## EXERCISE DESCRIPTION
Repeat the records exactly, with one exception: no images.

(PROVIDED INFORMATION begins)

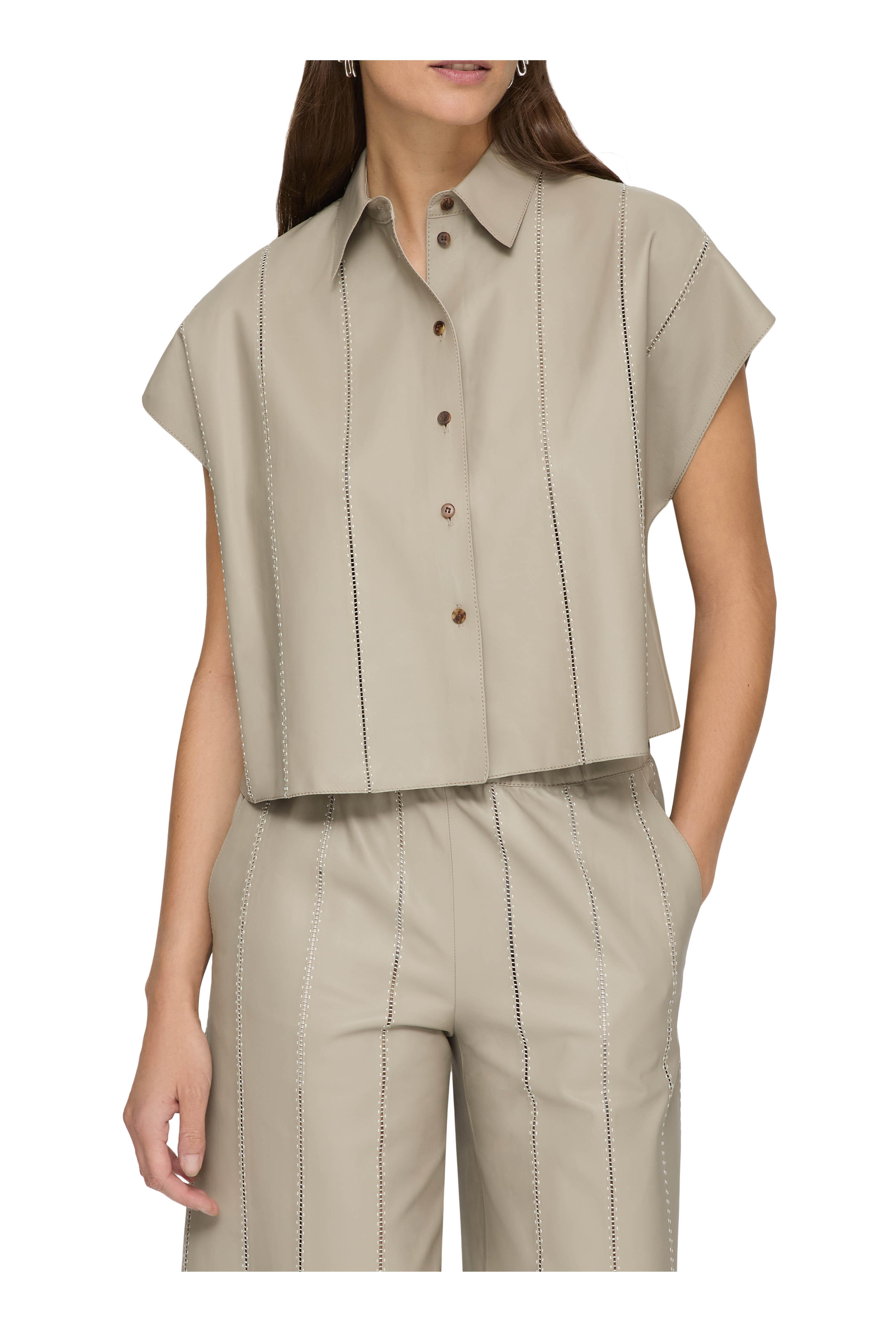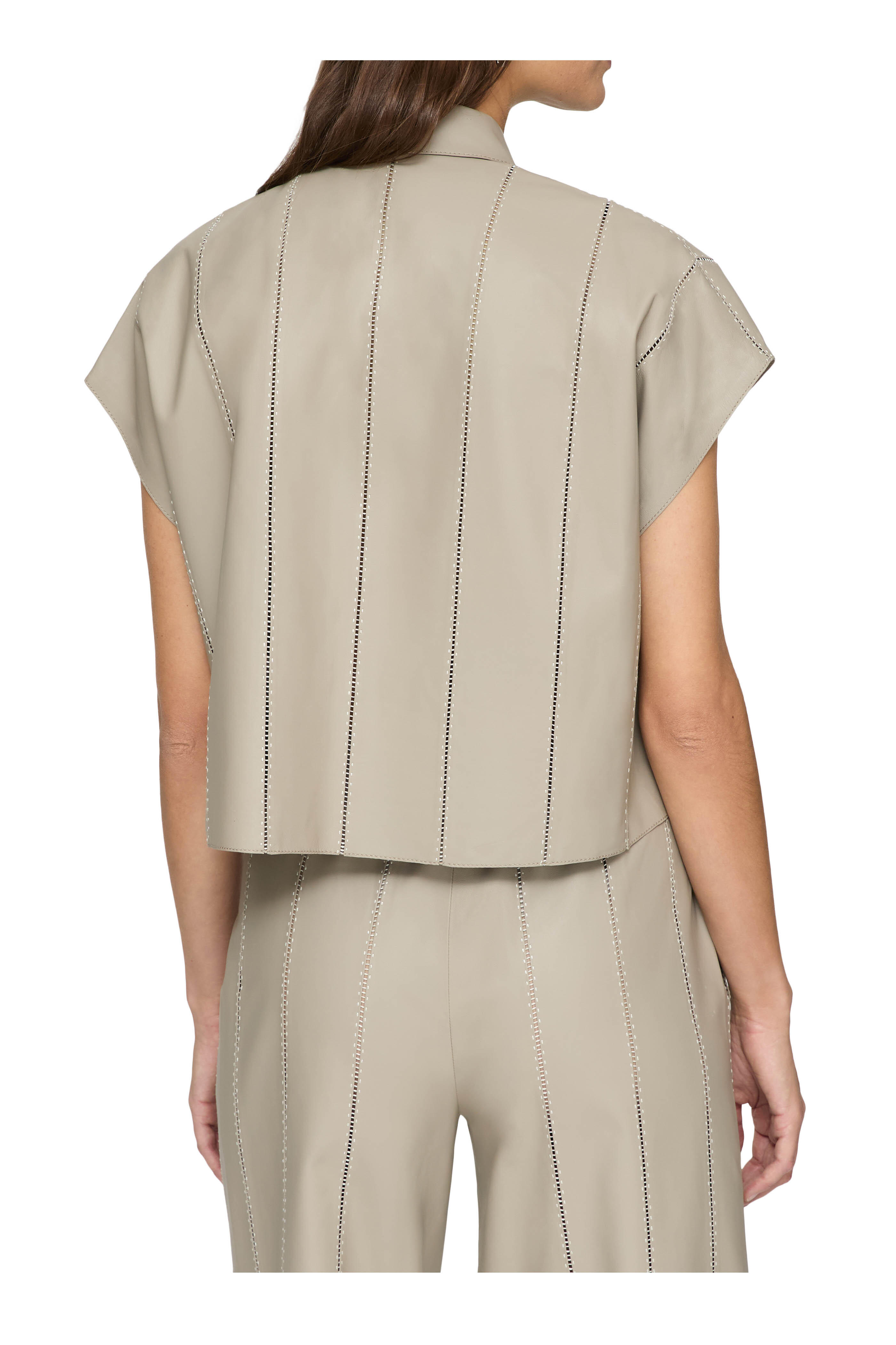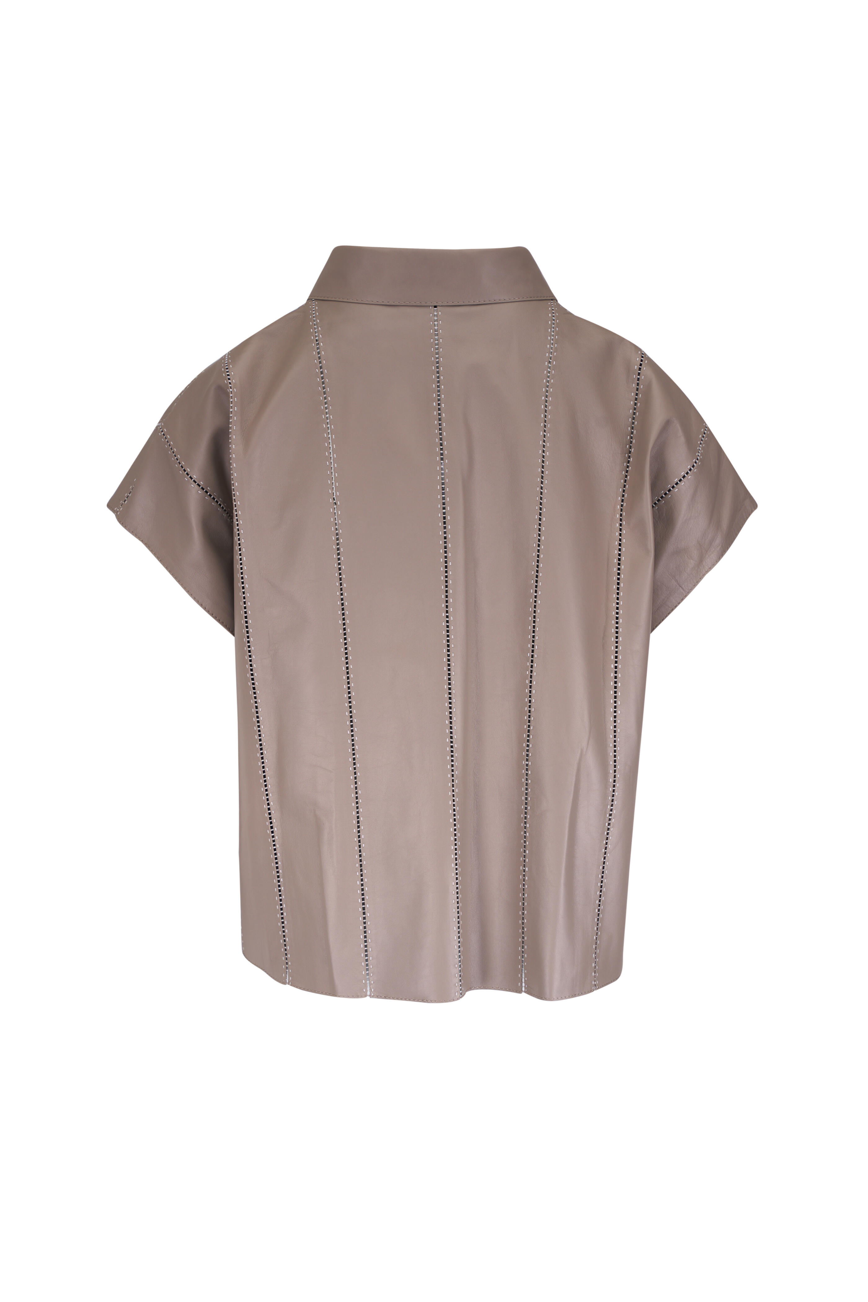 Taupe Ladder Stitch Oversized Leather Crop Shirt
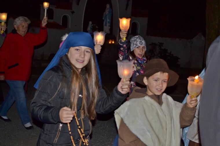 Po zakończeniu modlitwy różańcowej za krzyżem i figurą Matki Boże Fatimskiej ze śpiewem na ustach, z płonącymi lampionami wyruszyliśmy w procesji wokół kościoła. Po powrocie procesji do kościoła w łączności duchowej z Jasną Górą zaśpiewaliśmy Apel Jasnogórski. Ku niebu popłynęły słowa: Maryjo: jestem, pamiętam, czuwam.
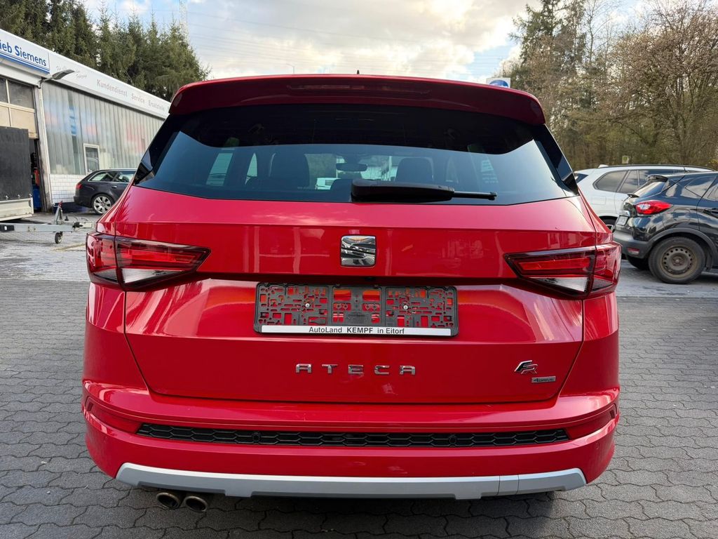 3. Bremsleuchte, Airbag Beifahrerseite abschaltbar, Airbag Fahrer-/Beifahrerseite, Antriebs-Schlupfregelung (ASR), Antriebsart: Allradantrieb, AUX-IN-Anschluss und 2 x USB-Anschluss, Außenspiegel elektr. verstell-, heiz- und anklappbar mit Spiegelabsenkung und Welcome Light, Außenspiegel lackiert, Außenspiegel und Türgriffe außen in Wagenfarbe, Blinkleuchte in Außenspiegel integriert, Bordcomputer, Bremsassistent, Chromleisten an Seitenfenstern, Dachhimmel schwarz, Dachreling, Doppeltonhorn, Einparkhilfe hinten, Einstiegsleisten beleuchtet, Fahrassistenz-System: Berganfahr-Assistent (Hill-Holder), Fahrassistenz-System: Fahrprofilauswahl (SEAT Drive Profile), Fahrassistenz-System: Müdigkeitserkennung, Fahrassistenz-System: Umfeldbeobachtungssystem (Front assist) mit City-Notbremsfunktion, Fensterheber elektrisch vorn + hinten, Fußraumbeleuchtung vorn, Gepäckraumabdeckung / Rollo, Handschuhfach beleuchtet, Heckleuchten LED, Innenausstattung: Chrom-Applikationen, Innenraumlicht-Paket LED, Isofix-Aufnahmen für Kindersitz, Karosserie: 5-türig, Klimaanlage Climatronic 2-Zonen, Knieairbag Fahrerseite, Komfortsitze, Kopf-Airbag-System, Kopfstützen hinten (3-fach), Kopfstützen vorn, Lendenwirbelstütze Sitz vorn links, verstellbar, Lendenwirbelstütze Sitz vorn rechts, verstellbar, Lendenwirbelstütze verstellbar, Lenkrad (Sport/Leder) mit Multifunktion, Mittelarmlehne hinten, Mittelkonsole vorn mit Mittelarmlehne, Becherhalter, Ablagebox und Luftdüsen hinten, Motor 2,0 Ltr. - 140 kW TDI, Parkbremse elektrisch, Radstand 2630 mm, Reifenkontroll-Anzeige, Rücksitzlehne klappbar, Rücksitzlehnen umklappbar mit Fernentriegelung im Kofferraum, Schadstoffarm nach Abgasnorm Euro 6d-TEMP, Schalt-/Wählhebelgriff Leder, Scheinwerfer LED, Seitenairbag, Seitenscheiben hinten und Heckscheibe abgedunkelt, Sitz vorn links höhenverstellbar, Sitz vorn rechts höhenverstellbar, Sitz-Paket Dinamica, Start/Stop-Anlage, Stau-/Ablagefach unter Sitz vorn links, Steckdose (12V-Anschluß) vorn, Stoßfänger FR-Design, Verglasung getönt, Verzurrösen Koffer-/Laderaum, Wärmeschutzverglasung
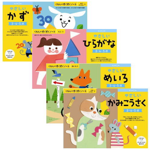 (おまかせ便で送料無料)4冊セット くもん やさしいかみこうさく やさしいめいろ やさしいかず やさしいひらがな 3〜5歳 すくすくノートシリーズ 公文出版
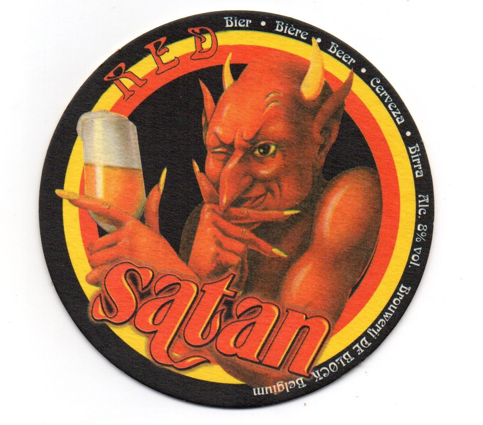 Sottobicchiere birra Satan, in cartoncino pressato monouso di forma rotonda. Diametro cm 11.

(PROVIDED INFORMATION ends)

## RESPONSE TO THIS TASK
 Taupe Ladder Stitch Oversized Leather Crop Shirt
 Po zakończeniu modlitwy różańcowej za krzyżem i figurą Matki Boże Fatimskiej ze śpiewem na ustach, z płonącymi lampionami wyruszyliśmy w procesji wokół kościoła. Po powrocie procesji do kościoła w łączności duchowej z Jasną Górą zaśpiewaliśmy Apel Jasnogórski. Ku niebu popłynęły słowa: Maryjo: jestem, pamiętam, czuwam.
 3. Bremsleuchte, Airbag Beifahrerseite abschaltbar, Airbag Fahrer-/Beifahrerseite, Antriebs-Schlupfregelung (ASR), Antriebsart: Allradantrieb, AUX-IN-Anschluss und 2 x USB-Anschluss, Außenspiegel elektr. verstell-, heiz- und anklappbar mit Spiegelabsenkung und Welcome Light, Außenspiegel lackiert, Außenspiegel und Türgriffe außen in Wagenfarbe, Blinkleuchte in Außenspiegel integriert, Bordcomputer, Bremsassistent, Chromleisten an Seitenfenstern, Dachhimmel schwarz, Dachreling, Doppeltonhorn, Einparkhilfe hinten, Einstiegsleisten beleuchtet, Fahrassistenz-System: Berganfahr-Assistent (Hill-Holder), Fahrassistenz-System: Fahrprofilauswahl (SEAT Drive Profile), Fahrassistenz-System: Müdigkeitserkennung, Fahrassistenz-System: Umfeldbeobachtungssystem (Front assist) mit City-Notbremsfunktion, Fensterheber elektrisch vorn + hinten, Fußraumbeleuchtung vorn, Gepäckraumabdeckung / Rollo, Handschuhfach beleuchtet, Heckleuchten LED, Innenausstattung: Chrom-Applikationen, Innenraumlicht-Paket LED, Isofix-Aufnahmen für Kindersitz, Karosserie: 5-türig, Klimaanlage Climatronic 2-Zonen, Knieairbag Fahrerseite, Komfortsitze, Kopf-Airbag-System, Kopfstützen hinten (3-fach), Kopfstützen vorn, Lendenwirbelstütze Sitz vorn links, verstellbar, Lendenwirbelstütze Sitz vorn rechts, verstellbar, Lendenwirbelstütze verstellbar, Lenkrad (Sport/Leder) mit Multifunktion, Mittelarmlehne hinten, Mittelkonsole vorn mit Mittelarmlehne, Becherhalter, Ablagebox und Luftdüsen hinten, Motor 2,0 Ltr. - 140 kW TDI, Parkbremse elektrisch, Radstand 2630 mm, Reifenkontroll-Anzeige, Rücksitzlehne klappbar, Rücksitzlehnen umklappbar mit Fernentriegelung im Kofferraum, Schadstoffarm nach Abgasnorm Euro 6d-TEMP, Schalt-/Wählhebelgriff Leder, Scheinwerfer LED, Seitenairbag, Seitenscheiben hinten und Heckscheibe abgedunkelt, Sitz vorn links höhenverstellbar, Sitz vorn rechts höhenverstellbar, Sitz-Paket Dinamica, Start/Stop-Anlage, Stau-/Ablagefach unter Sitz vorn links, Steckdose (12V-Anschluß) vorn, Stoßfänger FR-Design, Verglasung getönt, Verzurrösen Koffer-/Laderaum, Wärmeschutzverglasung
 (おまかせ便で送料無料)4冊セット くもん やさしいかみこうさく やさしいめいろ やさしいかず やさしいひらがな 3〜5歳 すくすくノートシリーズ 公文出版
 Sottobicchiere birra Satan, in cartoncino pressato monouso di forma rotonda. Diametro cm 11.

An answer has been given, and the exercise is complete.